A. Neumaier said:
In the TI, ##\rho## is a beable, since it is uniquely determined by the collection of all q-expectations. It is just not easily macroscopically interpretable, and hence has a subordinate role in the interpretation.
How can ##\rho## (assuming it's what's called the statistical operator in the standard interpretation) be a "beable", if it depends on the picture of time evolution chosen? The same holds for operators representing observables.
What's a physical quantity (not knowing, what precisely "beable" means, I rather refer to standard language) are
$$P(t,a|\rho)=\sum_{\beta} \langle t, a,\beta|\rho(t)|t,a,\beta \rangle,$$
where ##|t,a,\beta## and ##\rho(t)## are the eigenvectors of ##\hat{A}## and ##\rho(t)## the statistical operator, evolving in time according to the chosen picture of time evolution. In the standard minimal interpretation ##P(t,a|\rho)## is the probability for obtaining the value ##a## when measuring the observable ##A## precisely at time ##t##.

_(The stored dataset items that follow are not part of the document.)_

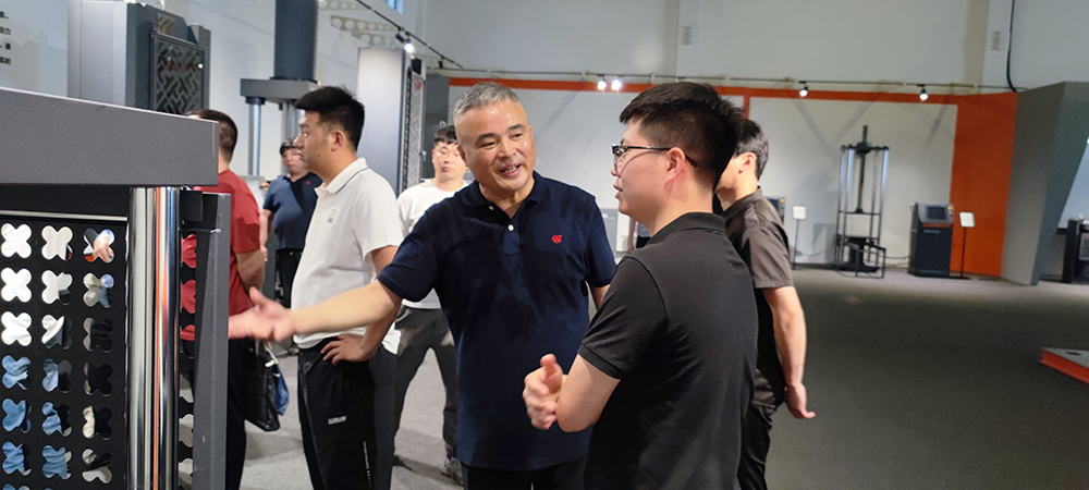除了课堂知识,学员们在董事长阮伟鑫的带领下实地参观了我公司厂区、乐鱼在线登录 - 乐鱼(中国)厅,充分了解了试验机的生产过程与零部件制造工序。参观过程中,学员们对我公司新研发的一体化智能砼试验成套装备、智能钢筋重量偏差标距仪等智能化设备非常感兴趣,通过现场演示和讲解,对我公司研发实力、技术力量给予了充分的肯定和赞扬。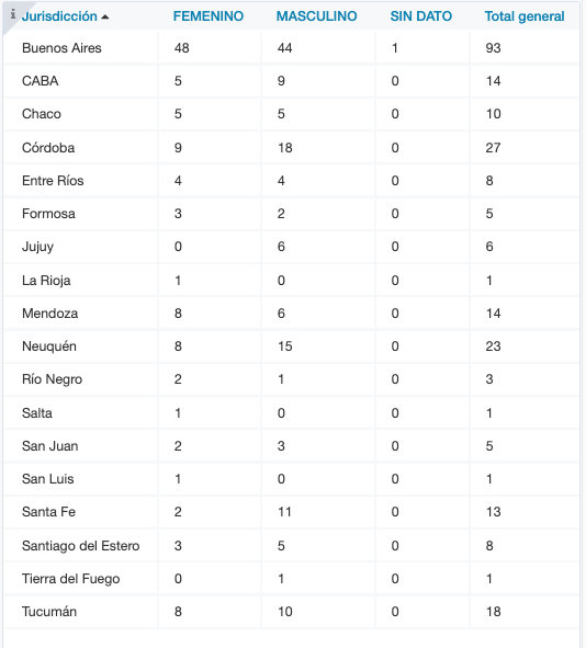 Del total de muertes, 140 son hombres (44 de la provincia de Buenos Aires, 9 de la ciudad de Buenos Aires, 5 de Chaco, 18 de Córdoba, 4 de Entre Ríos, 2 de Formosa, 6 de Jujuy, 6 de Mendoza, 15 de Neuquén, 1 de Río Negro, 3 de San Juan, 11 de Santa Fe, 5 de Santiago del Estero, 1 de Tierra del Fuego y 10 de Tucumán) y 110 son mujeres (48 de la provincia de Buenos Aires, 5 de la ciudad de Buenos Aires, 5 de Chaco, 9 de Córdoba, 4 de Entre Ríos, 3 de Formosa, 1 de La Rioja, 8 de Mendoza, 8 de Neuquén, 1 de Salta, 1 de San Juan, 2 de Río Negro, 1 de San Luis, 2 de Santa Fe, 3 de Santiago del Estero y 8 de Tucumán). Una persona fallecida de la provincia de Buenos Aires fue registrada sin datos de sexo.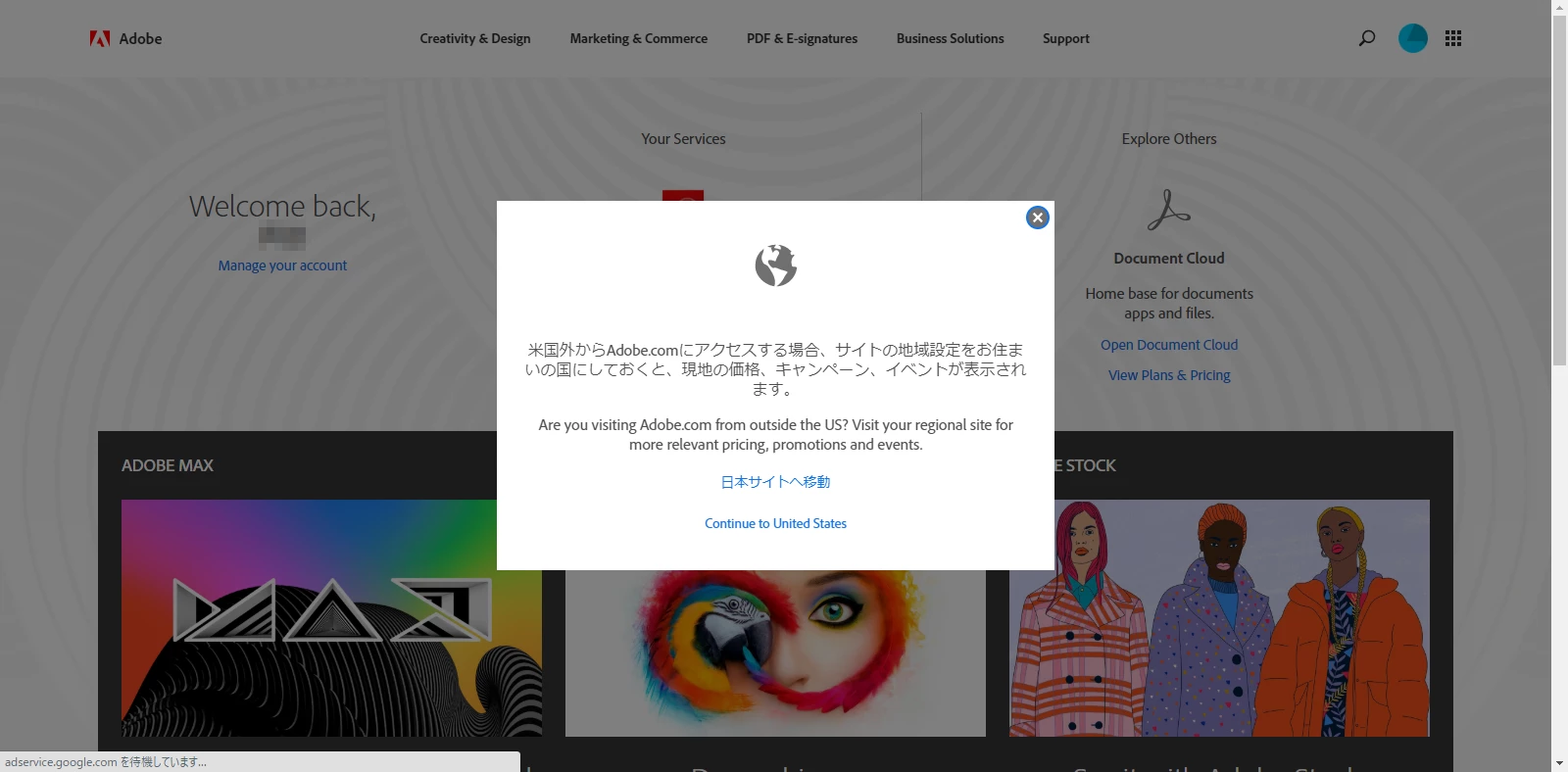 adobe.comみたいに「日本サイトへ移動」のワンクッションを挟めないのかなぁ。

Now, before one discuss or even prove anything concerning an interpretation, one must define, what's the meaning of this expression in the interpretation. I still didn't get, as what this quantity is interpreted in the thermal interpretation, because you forbid it to be interpreted as probabilities.
Also it doesn't help to discuss about a fiction like the "state of the universe". This is something which is not observable even in principle.
On the other hand, I think it's pretty save to say the universe, on a large space-time scale, is close to local thermal equilibrium, as defined in standard coordinates of the FLRM metric, where the CMBR is in local thermal equilibrium up to tiny fluctuations of the relative order of ##10^{-5}##.